The next morning, Mei checked her Magnificent Daily Plan before she even picked up a pencil to doodle. The plan said: 7:00 AM — Get ready for school. 7:30 AM — Eat breakfast and pack backpack. Check homework! It felt strange to follow a schedule instead of just drawing whatever she wanted. But Mei took a deep breath and tucked her sketchbook into her bag—closed. At school, when her teacher asked for homework, Mei slid her completed worksheet forward with a grin so wide it surprised even her. "Nice work, Mei," her teacher said, and those three small words made Mei's whole morning shine.
After school, Mei consulted her plan again. 3:30 PM — Unload dishwasher. 4:00 PM — Finish homework at the kitchen table. She set a timer on the microwave and got to work. The dishes clinked and clattered as she stacked them in the cabinets. It only took twelve minutes! Mei blinked in surprise. "That's it?" she said aloud. She had always imagined chores would swallow her whole afternoon, but the task was much smaller than the dread she had built around it. She marched to the chore chart on the fridge and checked off every box with a satisfying flick of her pen.
By 4:45, Mei had finished her homework, too. She looked at her plan: 5:00 PM — Play outside! She grabbed her sneakers and burst out the back door. Her two friends were already in the backyard next door, and their faces lit up when they saw her. "Mei! You came!" one of them cheered. They played tag between the wildflowers that grew between the fence posts, caught roly-poly bugs under rocks, and made up a game where the ground was made of lava. Mei laughed so hard her stomach ached. She had almost forgotten how good it felt to run and be silly with her friends.
That evening, Mei finally sat down with her sketchbook for her favorite part of the plan: 6:30 PM — Drawing time! But something was different. Instead of staring at a blank page and wondering what to draw, her mind overflowed with ideas. She sketched the roly-poly bug curled into a perfect spiral. She drew her friend mid-leap during their lava game, hair flying behind her like a cape. She added wildflowers with petals so detailed they almost looked real. "These are my best drawings yet," Mei whispered, holding the sketchbook at arm's length to admire her work. The adventures she had lived that day had given her something no amount of sitting alone could—inspiration.
Days turned into weeks, and Mei's Magnificent Daily Plan became her most treasured creation. She updated it every Sunday night, decorating each new version with borders of stars, vines, or tiny animals. Some days, the plan didn't work perfectly—she stayed up too late reading once, and another time she accidentally scheduled chores and a playdate at the same time. But instead of giving up, Mei simply erased, adjusted, and tried again. "A plan isn't a cage," she told her mom one evening. "It's more like a map. It shows you where to go, but you still get to choose the path."
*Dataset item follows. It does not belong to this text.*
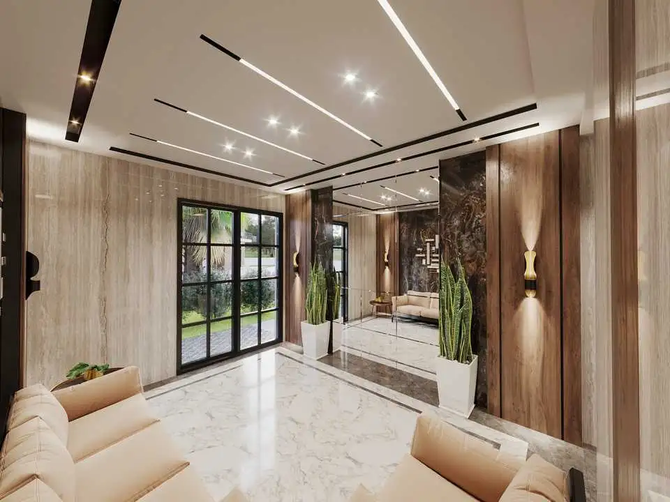 Внутри: В квартирах выполнен качественный ремонт, во всех комнатах керамическое покрытие, установлены подвесные потолки с точечной подсветкой, окна имеют двойное остекление, произведена звукоизоляция. Квартиры сдаются с полной чистовой отделкой, оборудованной ванной комнатой, на кухне установлен кухонный гарнитур и сантехника. В каждых апартаментах установлен ЖК-дисплей, обогреватель пола и электронагреватель для воды.

On the last day of the school year, Mei flipped through her sketchbook from beginning to end. The first pages were filled with lonely dragons and imaginary cities—beautiful, but drawn from a girl who never left her room. The later pages told a different story. There were sketches of her classroom, her friends mid-laugh, wildflowers in the rain, and even a portrait of her mom washing dishes with soap bubbles floating around her head. Mei smiled and picked up her pencil. She turned to a fresh page and wrote: This summer's plan—draw the whole world. Then she closed her sketchbook, tucked it under her arm, and ran outside to find her next adventure.